- The Washington Times - Friday, November 2, 2007

Let’s get this straight from the outset: Australian kid-pop sensations the Wiggles are not one of those hip indie rock bands (like Dan Zanes and Friends or the Sippy Cups) who’ve decided that making music for youngsters is the new badge of coolness.

Unlike their scenester counterparts, the Wiggles embrace cross-promotion, commerciality and behemoth concert venues; they aren’t of cheesy, pointy-fingered photo-ops; and their tours have been known to lead to weddings, not hangovers, for their crew members.

Being cool? It isn’t really even on the Wiggles’ radar. Being cherished by parents for wholesome music and videos? Being cheered on by children who love the way the Wiggles encourage them to sing, dance, learn and just be themselves? That’s more like it.

Call the Wiggles corny if you must, but be prepared to face the wrath of legions of full-grown and pint-sized Wigglemaniacs around the globe. Careful, they’ll have you singing the praises of “Fruit Salad” and “Getting Strong” before you know it.

The band’s history begins at an early childhood education program at a university in Sydney. That’s where Anthony Field (the blue Wiggle), Murray Cook (red) and Greg Page (the original yellow) met.

They started writing child-focused songs for a school project and decided to recruit Jeff Fatt (purple) — who’d previously played with Mr. Field in a band called the Cockroaches — to make a record with them.

“We did this … just to make a good album for children,” Mr. Field says. “It wasn’t for commercial reasons. We did a lot of it very quickly, like in two or three days. It was a lot of fun, but there was no market for it. There is now.”

In the 16 years since that first release, the Wiggles say they’ve sold more than 17 million videos and 4 million CDs worldwide. Business Review Weekly named them Australia’s highest paid entertainers of 2004. The group’s revenues currently support a touring crew of about 30, which includes around 16 dancers and several costumed character players (who are as renowned as the four Wiggles themselves).

“We’ve definitely got more money to spend on production now,” Mr. Field says. Besides that and a cast swap of Sam Moran for the ailing Mr. Page, the Wiggles have tried to remain largely the same at their core, particularly with regard to their values and goals.

Mr. Field and Mr. Cook both have children and find it difficult to be away from home for the standard half-year of touring. “It’s hard because you see the audience having a really great time and you wish your own family was there,” Mr. Field says. There is one upside to being on the road so much. “Going home, it’s always fresh,” he says. “I’ve only been married for four years and it feels like I only got married yesterday every time I see her.”

The Wiggles play the Verizon Center (www.verizoncenter.com) on Thursday at 3 and 6:30 p.m.

Fiddle ‘n’ frolic

Dom Flemons, Rhiannon Giddens and Justin Robinson aren’t just musicians, they’re music scholars. These three young black artists, who together make up the Carolina Chocolate Drops, have spent the last several years studying old-time fiddle and banjo music and its connections to the black community.
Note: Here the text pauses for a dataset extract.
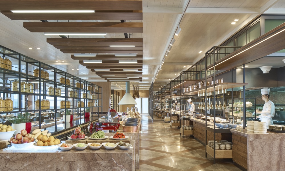 神話世界綜合渡假村內的【五雲閣】自助餐廳,以豪華規模與頂級料理著稱。餐廳設計華麗,提供韓式、日式、中式與西式佳餚,還有新鮮海鮮、濟州在地食材與甜點專區,並搭配酒水暢飲,滿足各類味蕾。這裡是遊客體驗高端饗宴的首選。渡假村內的五星萬豪酒店則以舒適客房與完善設施受到青睞,擁有泳池、健身房與國際水準的服務品質。結合美食與住宿體驗,旅客能在此享受完整假期,感受濟州島最奢華的度假氛圍。

Based in Triangle, N.C., the group has paid special attention to musical traditions of the Piedmont region, relayed to them by Mebane, N.C.’s Joe Thompson, said to be the last black traditional string-band player.
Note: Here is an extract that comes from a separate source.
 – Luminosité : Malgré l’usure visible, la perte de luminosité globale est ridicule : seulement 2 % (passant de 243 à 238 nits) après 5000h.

In playing this music — a precursor to bluegrass, country and arguably the blues — the Carolina Chocolate Drops have also unwittingly assumed the role of educators, slowly spreading the word about a musical legacy the American public knows little or nothing about.
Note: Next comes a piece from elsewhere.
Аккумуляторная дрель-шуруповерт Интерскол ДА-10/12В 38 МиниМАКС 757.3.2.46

“The fact that we can present something that helps to display another aspect of black culture is great,” says Mr. Flemons, who notes that most people are unaware that the banjo originally came from Africa or that black string bands were quite common at one time.

Cultural lessons aside, the Chocolate Drops’ real strength lies in their ability to bring an energetic contemporary spirit to old musical styles. (Check out their debut album, “Dona Got a Ramblin’ Mind.”) Their work has already landed them a guest slot on “A Prairie Home Companion” and a tour opening for Taj Mahal.

“Most everywhere we go it’s amazing; people know who we are, they’ve read about us or heard about us by going to our MySpace page,” Mr. Flemons says. “They say, ‘Keep doing what you’re doing,’ or, ‘I’m glad that you exist.’ ” The Carolina Chocolate Drops open for the Austin Lounge Lizards at the Birchmere (www.birchmere.com) on Sunday at 7:30 p.m.